Thanks for your tips!


----------



## FriFlo (Oct 6, 2015)

No, I have no other way of doing it, than you already mentioned (pencil tool). I respond, though, as I find this to be one of those neglected topics that DAWs don't really improve upon since the 90ies! There is automation and there is old school midi CC. Sample libraries get usually controlled via old school midi CC, but there are so many limitations to that:
- having to know all CC numbers for every f#**ing library when editing in the key editor
- problems with "overdubbing CCs", as you mentioned 
- no feedback for controllers like motor faders, rotary encoders and led labels 
With today's technology you could so easily build very effective controllers, that giv you hand on access to every available control of an instrument, including keys witches with labels (so that you actually see on your controller, which articulation you choose instead of hitting keys until you find what you looking for ...). You can even do this with tablet apps (like Lemur) for just a few bugs, but still have an enormous depth of user customization. But as long as DAW developers won't think this through till the end, the best you can get is something like 8 (only?) quick controls in cubase, controlled by a motor fader box. You will get the labels this way, you will get feedback on your controllers, but you loose all the advantages of controlling notes and CC data in the key editor with all the dedicated editing tools ... It's about time for somebody to do this properly!


----------



## FriFlo (Oct 6, 2015)

What I would really like to see, is someone like steinberg doing something interesting and deep based upon their expression maps and the dusted device control panels! Something deep, like an improved "logic environment" (or rather max Msp), but customizable for every instrument and midi track. The idea is, each track has the ability to receive and send midi data (maybe OSC also ...) and each track can be programmed to be aware of what instrument it is controlling! The result is, you actually open the key editor and see something meaning full:
- articulations, if you like key switching, all labeled
- instead of 128 CCs, all the available parameters of an instrument all labeled
- midi feedback to an external controller, like a touchscreen or a dedicated hardware controller
- automation-like takeover of already recorded parameter data (touch-enabled motor faders)
...
It wouldn't be that hard to develop something like that! But it actually requires the user to dig deep, learn stuff and kind of program in a very basic way. But the reward would be a working environment, where you don't have to think around several corners and could actually make music! You could just play stuff in without looking at the PC monitor, but later, if you decide to edit the data, you would find the same parameters in your editor, as they were on your external controller.
To me, this would be the most significant thing to be done, but it seems, most people wouldn't even understand what it is for. Instead, they prefer to add new features, that most people understand by a simple headline, like "20 incredible new synth plugins - true analog emulation!!" ...
The same with sample library developers: everybody is baking his own cake, neglecting what workflow actually will work in those DAWs out there.
Well, I don't give up on this topic and keep mentioning, what we are all missing, although it wouldn't be that hard to do ...


----------



## Gerhard Westphalen (Oct 6, 2015)

I just use commands on my touchscreen to delete the various CC's. I just set up the presets in the midi logical editor. I believe you can also select only a region in a midi clip to delete. The only other way I see is to use a touch sensitive controller and have the CC's as automation but IMO that really doesn't work well and limits your editing capabilities.


----------



## IoannisGutevas (Oct 6, 2015)

Yeah you can setup some presets on logical editor and have them delete a portion or all midi cc's of a midi clip. But it amazes me how much innovation is going on this DAW and they cant still find a good way deal with midi cc and automation. In every other DAW its so easy and so well done, especially on ableton (damn i wish i had spend my years learning ableton instead of cubase).

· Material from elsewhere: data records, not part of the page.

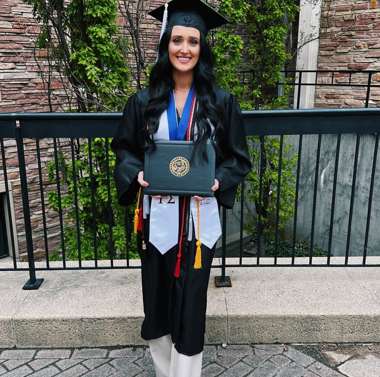 I later transferred to the University of Colorado Boulder, graduating in 2024 with a Bachelor of Arts in English Literature with distinction. During my time at CU Boulder, I served as President of Tau Sigma National Honor Society for Transfer Students, balanced two part-time jobs, and was inducted into the Phi Beta Kappa Honor Society. These experiences strengthened my commitment to academic excellence, leadership, and perseverance.
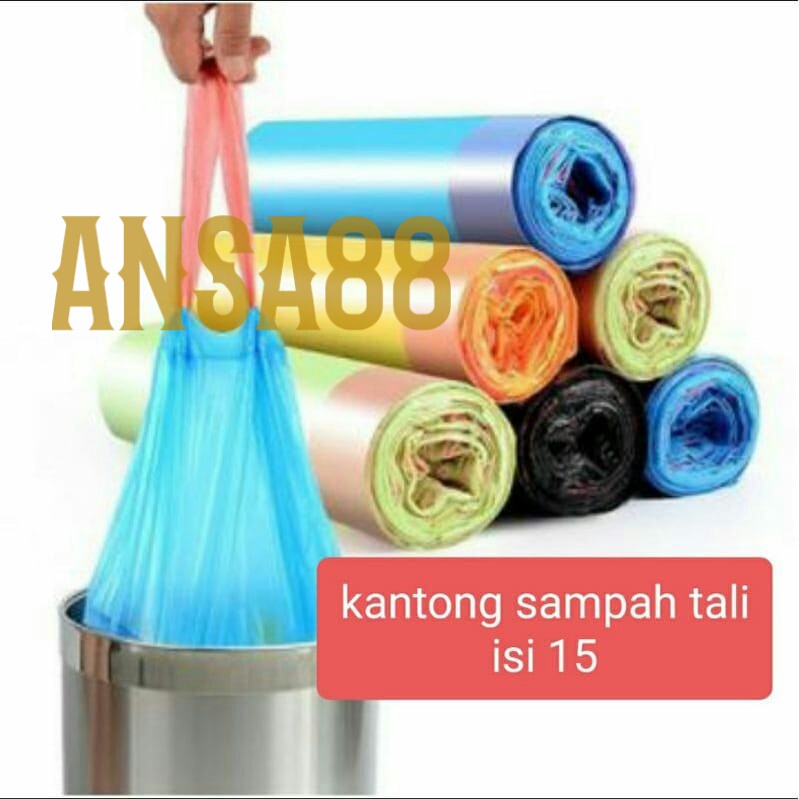 Perlengkapan Rumah > Alat Pemeliharaan Rumah > Kantong Plastik & Kantong Sampah > kantong sampah tali isi 15 45x50cm plastik sampah gulung tali isi 15 kantong sampah roll jumbo
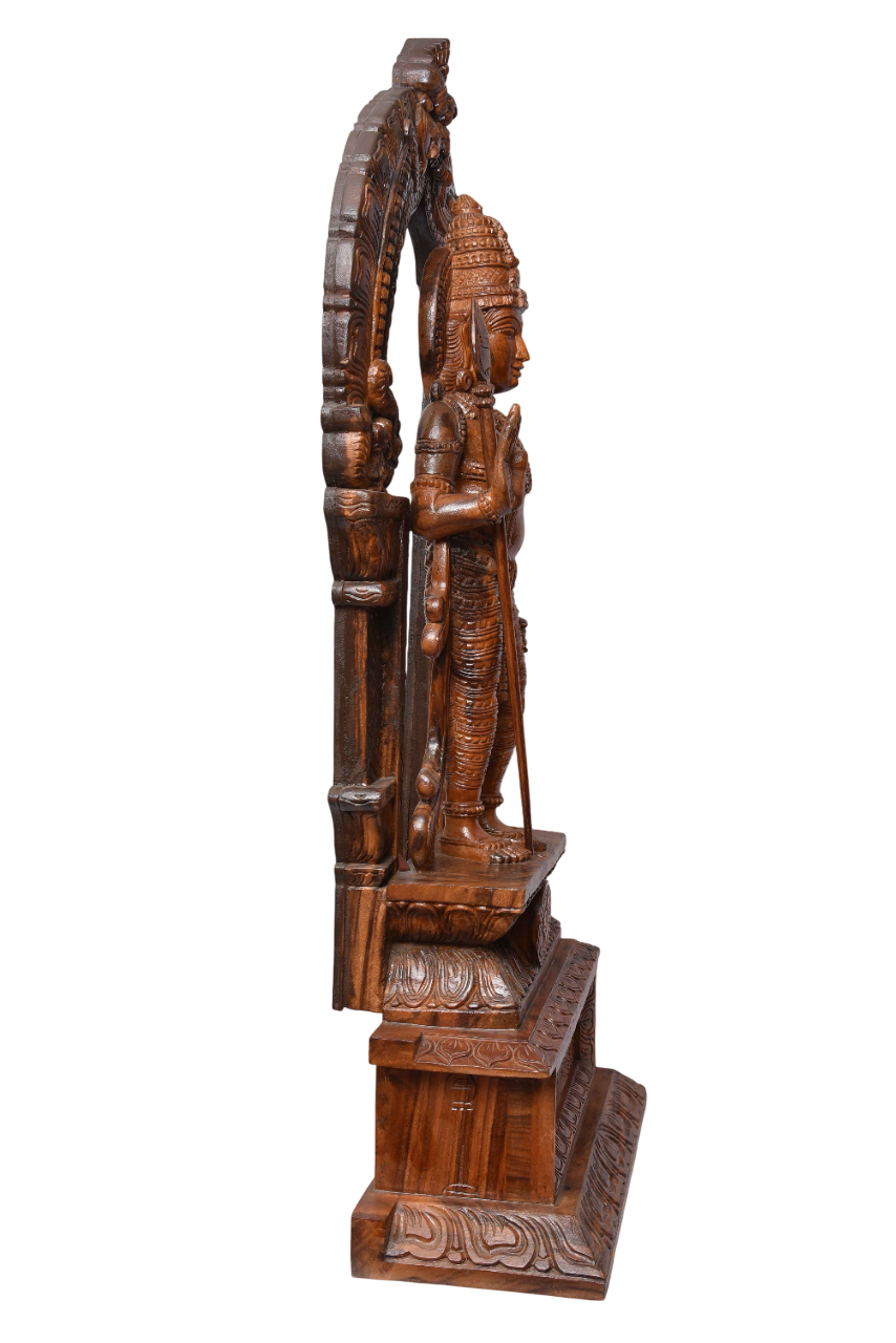 Wood Murugan Statue – 54 Inch – Handcrafted Divine Masterpiece

We are in 2015, most things are done through either automation or midi cc's and if i want to edit either on cubase i need a digitizer tablet to play with the pen tool or zoom in the automation track and waste time on resizing tracks ruining my composing flow.. 

Lets hope once more that in the upcoming update the someone who works for this company will realize that midi cc's and automation are on medieval times on this DAW. 

Its a pity really, cause if they fix the midi cc's / automation interaction and editing it would be hands down the best DAW you can work on.


----------



## kabinboy (Oct 6, 2015)

Great comments, thank you all! I like the idea of buttons to quickly delete cc's from a clip. 

It also occurs to me to write a Pure Data patch dedicated to a particular fader, that once moved would continue sending volume (or mod) data -- even when flat -- until the overdub is complete. Of course if I can do this, so can Steinberg


----------



## snapeye (Dec 12, 2016)

Old thread, not sure if you got this, but in Cubase go to *File *> *Preferences *> *Record *> *MIDI *and set *Replace Recording in Editors* to *Controller*. Then set your MIDI Record to Replace and you can re-record just the controller lane CC, without getting the comb tooth pattern.


----------



## TomaeusD (Apr 18, 2020)

snapeye said:


> Old thread, not sure if you got this, but in Cubase go to *File *> *Preferences *> *Record *> *MIDI *and set *Replace Recording in Editors* to *Controller*. Then set your MIDI Record to Replace and you can re-record just the controller lane CC, without getting the comb tooth pattern.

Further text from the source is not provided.